Data to examine:
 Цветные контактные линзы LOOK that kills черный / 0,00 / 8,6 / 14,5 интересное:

--

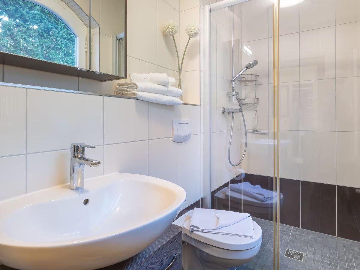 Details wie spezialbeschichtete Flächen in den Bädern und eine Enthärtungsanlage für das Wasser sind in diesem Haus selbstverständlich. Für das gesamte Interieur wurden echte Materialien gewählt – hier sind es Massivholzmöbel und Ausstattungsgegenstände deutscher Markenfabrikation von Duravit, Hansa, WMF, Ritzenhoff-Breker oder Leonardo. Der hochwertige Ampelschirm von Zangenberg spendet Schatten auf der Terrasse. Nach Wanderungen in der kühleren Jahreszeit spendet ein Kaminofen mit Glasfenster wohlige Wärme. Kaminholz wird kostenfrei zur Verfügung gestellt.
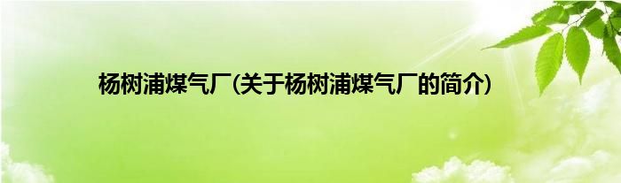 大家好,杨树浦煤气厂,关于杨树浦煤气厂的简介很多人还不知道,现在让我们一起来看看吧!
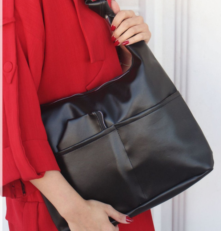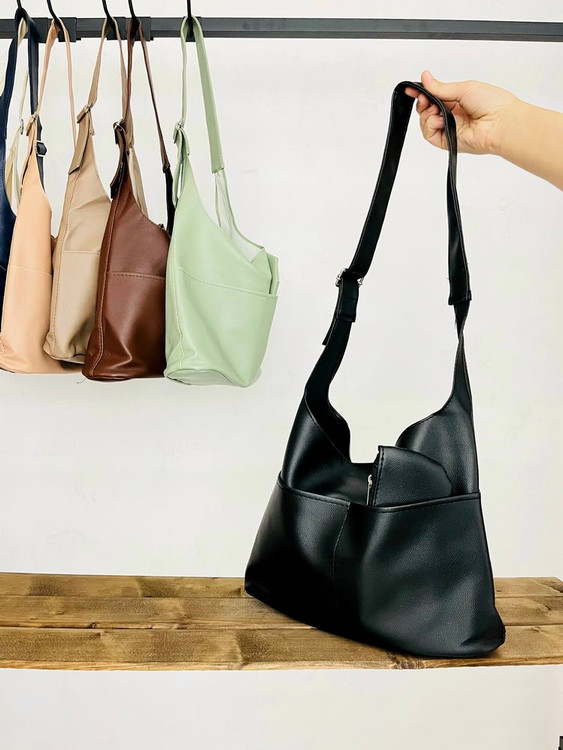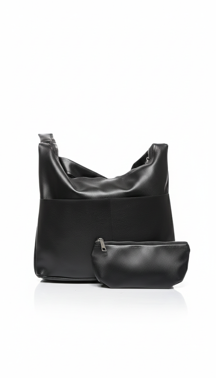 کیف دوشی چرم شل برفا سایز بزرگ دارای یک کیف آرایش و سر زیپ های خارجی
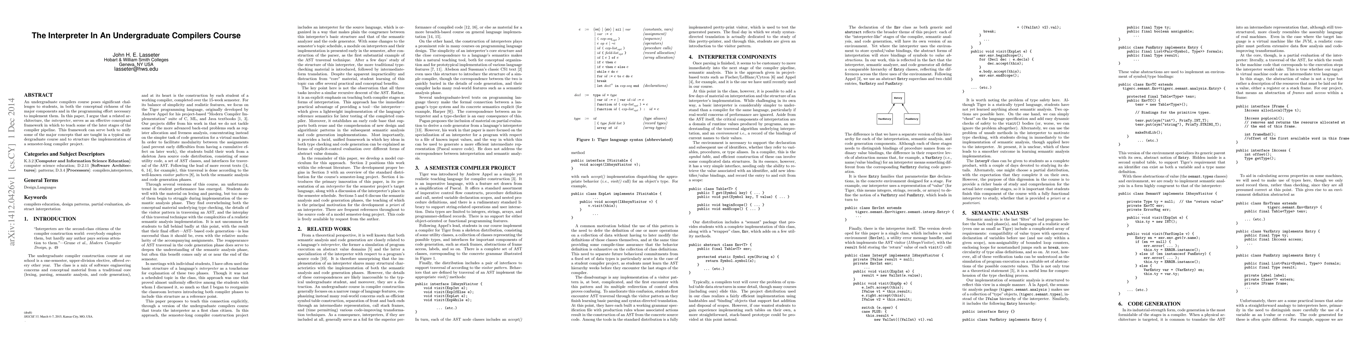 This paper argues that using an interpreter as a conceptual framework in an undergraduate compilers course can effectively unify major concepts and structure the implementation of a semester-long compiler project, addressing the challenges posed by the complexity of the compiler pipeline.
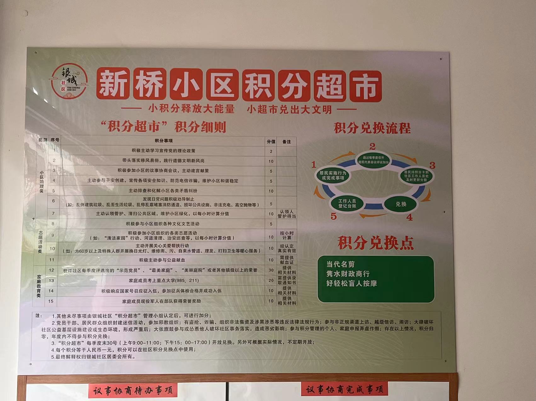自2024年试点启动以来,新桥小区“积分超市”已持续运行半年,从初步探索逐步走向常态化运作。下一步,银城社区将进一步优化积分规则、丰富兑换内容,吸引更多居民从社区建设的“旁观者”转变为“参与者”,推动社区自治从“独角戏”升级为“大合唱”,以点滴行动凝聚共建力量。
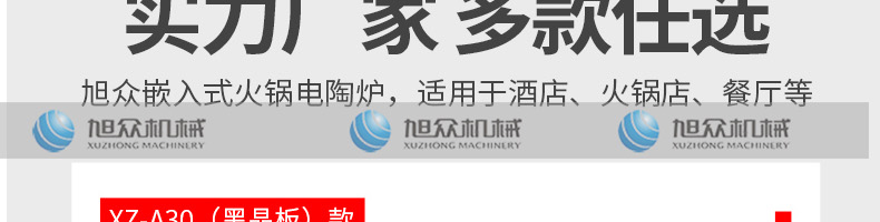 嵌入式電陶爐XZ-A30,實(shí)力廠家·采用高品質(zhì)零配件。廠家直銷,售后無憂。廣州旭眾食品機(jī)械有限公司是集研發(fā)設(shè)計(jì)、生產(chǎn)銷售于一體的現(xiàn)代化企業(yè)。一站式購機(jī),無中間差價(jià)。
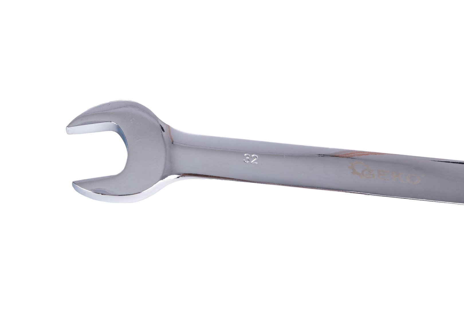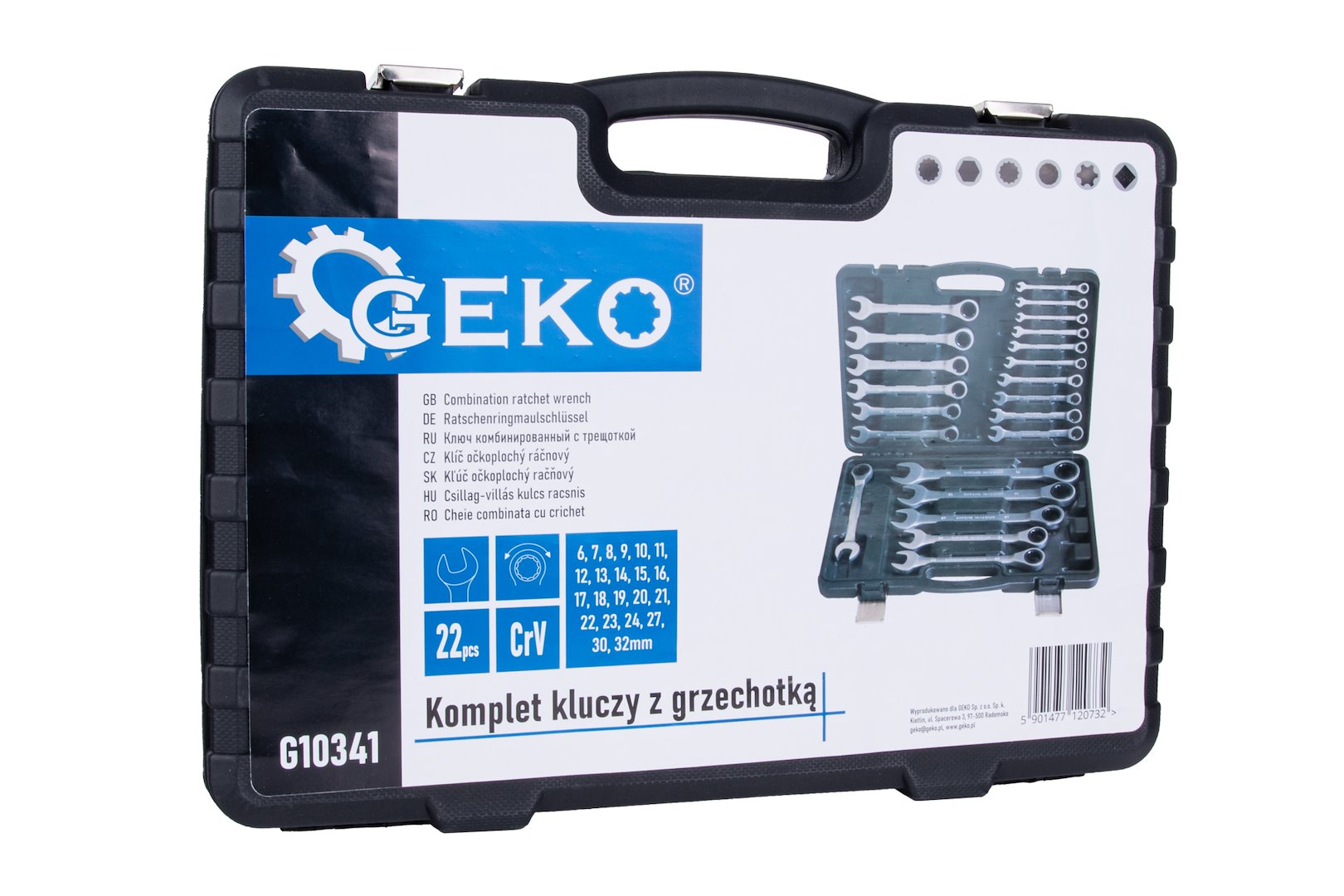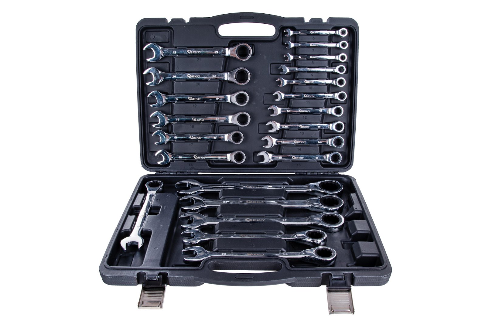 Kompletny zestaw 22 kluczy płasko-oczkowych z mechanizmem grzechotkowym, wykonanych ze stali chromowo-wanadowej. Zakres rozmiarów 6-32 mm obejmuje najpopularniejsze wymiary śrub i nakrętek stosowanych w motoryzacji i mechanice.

Problem details:
From the data above, return only the lines starting at the line that holds "自2024年试点启动以来,新" and ending at the line that holds "嵌入式電陶爐XZ-A30,實", word for word and without pictures.

Task output:
自2024年试点启动以来,新桥小区“积分超市”已持续运行半年,从初步探索逐步走向常态化运作。下一步,银城社区将进一步优化积分规则、丰富兑换内容,吸引更多居民从社区建设的“旁观者”转变为“参与者”,推动社区自治从“独角戏”升级为“大合唱”,以点滴行动凝聚共建力量。
 嵌入式電陶爐XZ-A30,實(shí)力廠家·采用高品質(zhì)零配件。廠家直銷,售后無憂。廣州旭眾食品機(jī)械有限公司是集研發(fā)設(shè)計(jì)、生產(chǎn)銷售于一體的現(xiàn)代化企業(yè)。一站式購機(jī),無中間差價(jià)。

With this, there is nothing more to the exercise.